Airfield information
- Elevation: 200 feet (61 m) AMSL
Runways
| Direction | Length and surface |
| 258 | 1,600 yards (1,463 m) Tarmac |
| 220 | 1,200 yards (1,097 m) Tarmac |
| 351 | 1,200 yards (1,097 m) Tarmac |

= RAF Scorton =

Royal Air Force base in Yorkshire, England

Royal Air Force Scorton or more simply RAF Scorton is a former Royal Air Force satellite station located next to the village of Scorton in North Yorkshire, England. The base was opened in October 1939 as part of 13 Group RAF Fighter Command and a satellite station of RAF Catterick. It was used by the Royal Air Force, the Royal Canadian Air Force, and the United States Army Air Forces Ninth Air Force during the war.

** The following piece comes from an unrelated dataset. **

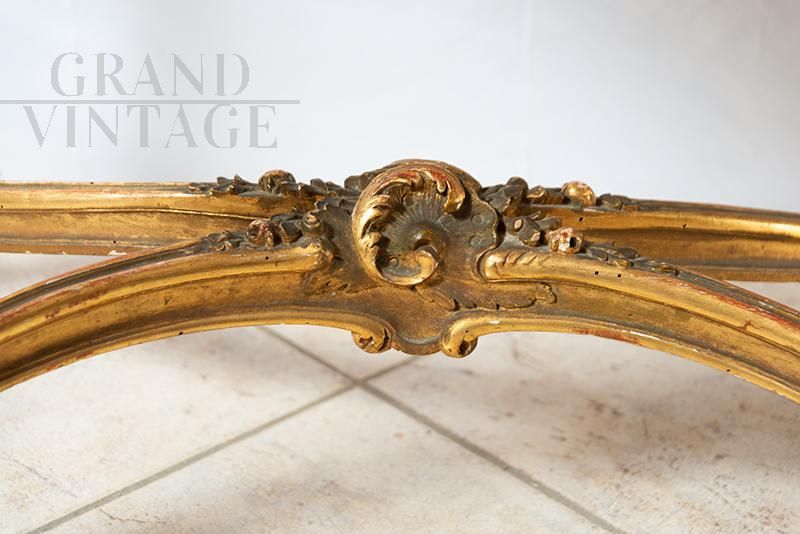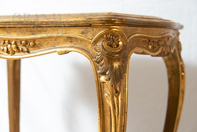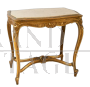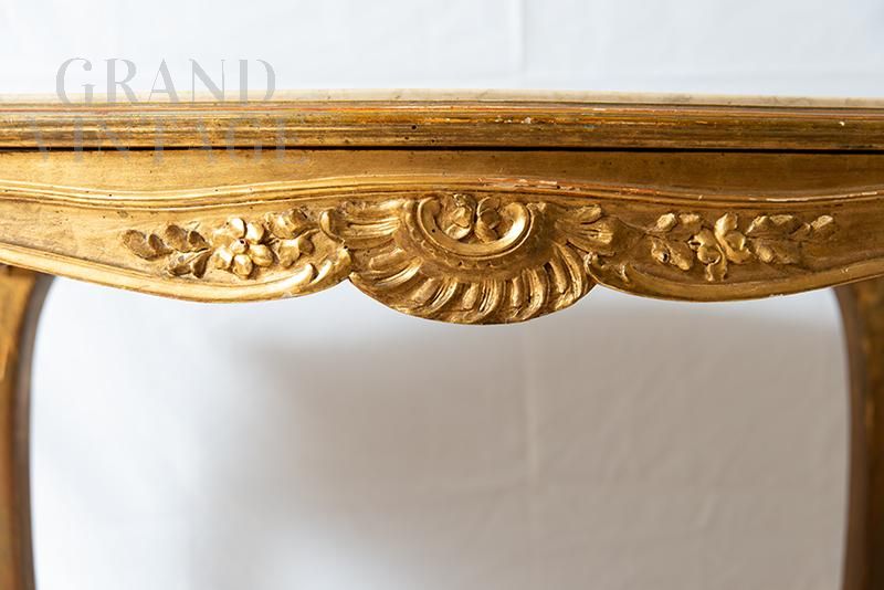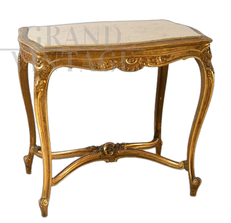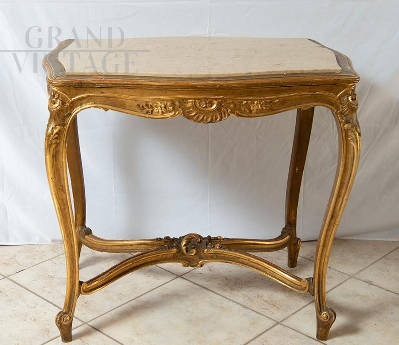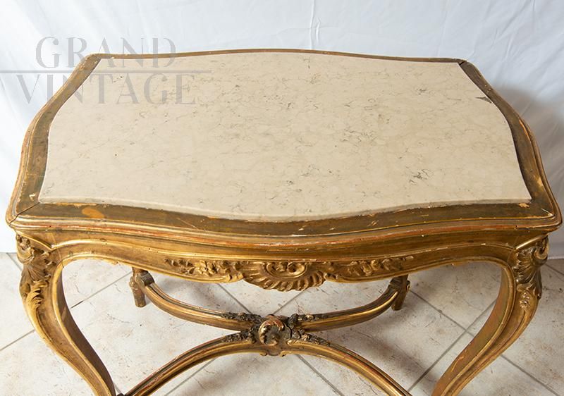 Tavolino antico Napoleone III in legno dorato e intagliato con piano in marmo

The famous No. 56 Squadron RAF flew Supermarine Spitfires from Scorton during the Second World War. Also the USAAF 422d and 425th Night Fighter Squadrons were stationed at Scorton flying the Northrop P-61 Black Widow fighter.

After the war, it was kept for a while as a Maintenance Unit base, then disposed of in the 1950s. It is now a site of gravel extraction.

==History==
The location was chosen for its flat terrain and its situation close to the now disbanded Eryholme-Richmond branch line that had a sub branch line to Catterick Garrison and RAF Catterick. The first unit to use the airfield was a detachment of Bristol Blenheim aircraft from No. 219 (Mysore) Squadron, which had reformed at RAF Catterick in the same month that Scorton had opened.

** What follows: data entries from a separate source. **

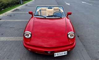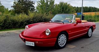 Alfa romeo spider serie 4 - 115A1 del año 1991, motor 2l.Neumáticos nuevos, mangueras y bujes cambiados en 2023. Lo vendo con el techo rígido desmontable y el techo de lona. El velocímetro ya no funciona, lo cual es necesario para pasar la ITV, pero todo lo demás funciona. Lo vendo porque no conozco a nadie que lo repare, pero si es necesario, sé dónde conseguir piezas originales. No tengo tiempo que perder, así que si no te lo puedes permitir, no me contactes.Tiene matricula de España. Muy importante: si acordamos un encuentro para ver el coche, acordaremos una hora, no tendré tiempo de esperarte, aunque tengas una excusa, aunque vengas de lejos, aunque hayas cogido el camino equivocado, la salida equivocada….
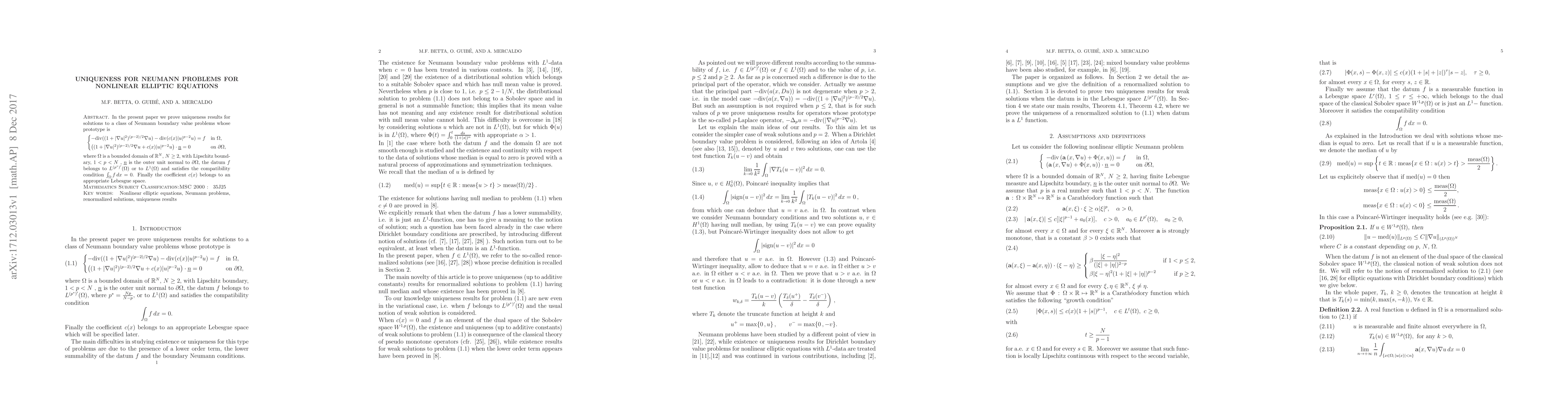 In the present paper we prove uniqueness results for solutions to a class of Neumann boundary value problems whose prototype is --div((1 + |$\nabla$u| 2) (p--2)/2 $\nabla$u) -- div(c(x)|u| p--2 u) = f in $\Omega$, (1 + |$\nabla$u| 2) (p--2)/2 $\nabla$u + c(x)|u| p--2 u $\times$ n = 0 on $\partial$$\Omega$,
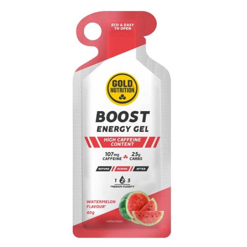 Boost Plus Energy Gel GoldNutrition® es un gel de liberación rápida con un alto contenido en cafeína, sodio e hidratos de carbono, diseñado para momentos en los que se necesita un refuerzo de energía. Boost Plus Energy Gel es un producto ideal para: Atrasar la aparición de fatiga física y mental. Aporte prolongado de energía. Mantener los niveles de azúcar en la sangre. Ciclistas, maratonianos, triatletas, tenistas, y todos los deportes con una duración superior a 1 hora. Combina bien con Goldrink como bebida de hidratación y con Fast Recovery para mejorar la recuperación. Consumir 1 gel por hora de ejercicio de resistencia; es imprescindible beber al menos 250 ml de agua por cada gel consumido.

Although originally designated as a satellite station, in 1941, the site was extended into a 'full' RAF station with 12 hangars and three tarmac runways, with the main east/west runway measuring 4,800 ft compared to RAF Catterick's runway which was 3,300 ft. This was done because Catterick could not be extended as it was sandwiched between the Great North Road and the River Swale. At the same time, the decoy landing site at Birkby (to the east near to Danby Wiske, came under the command of Scorton, having previously been an asset of RAF Catterick.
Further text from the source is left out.